What interests me here is the condemnation, across the board, of what is seen as a 'house style'. Is this not something that would otherwise be known as a trend? Are trends in theatre/performance (do we really need to distinguish between the two here?) really such a bad thing especially in a company that is literally taking a new form of programming to a public desperately in need of a fresh perspective?
I think the terrible parochialism of the Melbourne arts media has blinded itself to the concept of audience, especially one that exists outside of a rather limited educated and articulate regular theatre going public. If the Malthouse can present a diverse range of performance to an ever growing audience from an ever diversified public, then perhaps the ‘house style’ ought to be applauded rather than maligned for it’s ability to speak to new and old audiences alike.

Alison Croggon said...

It's hard to deconstruct because it's so vague. By "house style" they seem to be talking about Kantor's productions (folk art, popular music). Well, he's a director and he has a style, it would be weird if he didn't, and it would also be weird if he were an artistic director of a company and didn't direct any of the work. But they seem to think that what Kantor does is the same as what Kosky does. Which it isn't, although you can see a connection, they've worked together after all, but Kantor's intellectual preoccupations and theatrical style are very different from Kosky's. And then the argument runs that what Kosky does is the same as what Benedict Andrews does. But Andrews comes from a totally different idea of theatre, more text-based for a start. And then they're saying that these kinds of theatre are the same as, oh, Wesley Enoch, or Jenny Kemp, or Stephen Page or whoever. You can maintain that as long as you don't actually look at the theatre.

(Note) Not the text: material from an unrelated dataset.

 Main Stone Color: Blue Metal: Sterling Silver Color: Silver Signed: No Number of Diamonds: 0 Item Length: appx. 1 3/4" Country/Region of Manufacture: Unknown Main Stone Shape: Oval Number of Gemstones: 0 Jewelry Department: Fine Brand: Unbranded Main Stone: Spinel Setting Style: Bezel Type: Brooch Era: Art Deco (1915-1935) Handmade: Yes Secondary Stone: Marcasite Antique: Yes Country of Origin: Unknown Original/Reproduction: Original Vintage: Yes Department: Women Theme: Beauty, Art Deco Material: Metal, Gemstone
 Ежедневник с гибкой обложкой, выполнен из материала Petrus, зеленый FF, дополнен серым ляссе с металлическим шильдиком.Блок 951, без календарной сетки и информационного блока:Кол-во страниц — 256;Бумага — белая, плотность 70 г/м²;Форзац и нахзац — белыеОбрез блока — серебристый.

Basically, I think the criticism means that they're not doing a certain kind of play, which is quite true - Hannie Rayson, David Williamson, Michael Gurr or JMS, who were staples of the Playbox, haven't appeared there for some time. Instead, they've done Melissa Reeves, Ben Ellis, Tom Wright, Lally Katz, Patricia Cornelius and Michael Watts. (And Ionesco and White and Friels and Mayenburg...). And a bunch of work which incorporates dance or design or music, all ancient expressions of theatre - theatre started with dance and music in 300BC or whatever, so it's scarcely a new idea.

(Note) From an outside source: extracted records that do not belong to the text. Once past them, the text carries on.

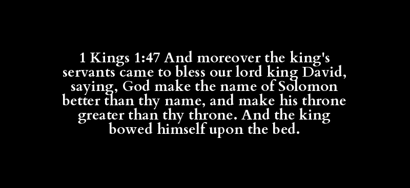 1 Kings 1:47 And moreover the king's servants came to bless our lord king David, saying, God make the name of Solomon better than thy name, and make his throne greater than thy throne. And the king bowed himself upon the bed.
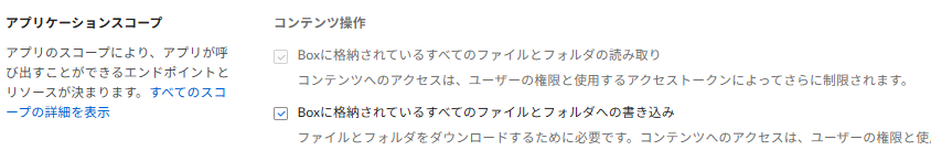「コンテンツ操作>Boxに格納されているすべてのファイルとフォルダへの書き込み」にチェック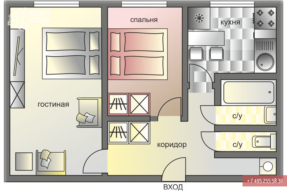 Забронировать эту квартиру Вы можете в службе бронирования по телефону +7 (495) 255 58 30 в будни с 9 до 20 часов, в выходные и праздничные дни с 10 до 18 часов. Оплатить проживание можно безналичным перечислением на наш расчетный счет, наличными в офисе или при заселении на квартире, платежными картами VISA, MasterCard, электронным переводом по системе Яндекс-Деньги. Более подробную информацию о бронировании и способах оплаты Вы можете получить в разделах Услуги и Оплата и скидки.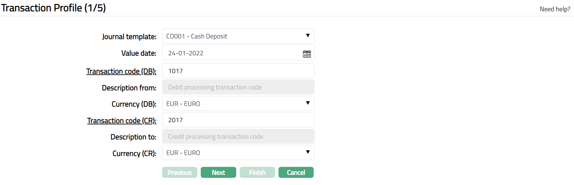 Select Currency (DB) -- currency to be debited -- from the available drop down. If the transaction type for the Transaction Code (DB) is client account then the account currency is defaulted, and you cannot change the currency.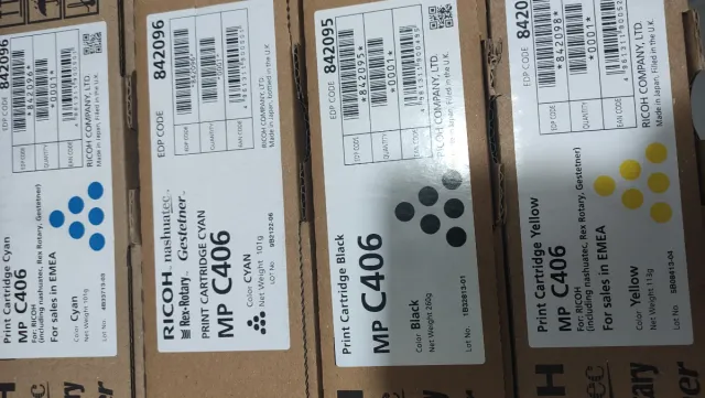 Tóner Ricoh MP C406 1BK, 1YW, 2CY.

And it seems that the argument - like I said, hard to take issue with because it's so vague - is that because they're not doing this particular subset of theatre (although they have done naturalism or realism, Reeves and Cornelius and Friels, for instance) they lack diversity. Because everything that isn't Williamson or Rayson is the same ("non-naturalistic"). I really don't understand this kind of thinking, because in point of fact it doesn't make any sense. But I've wittered on about this before.

Hi Nick - nice to hear from you! Dear Schwitters. I'm sure that's not what is intended...!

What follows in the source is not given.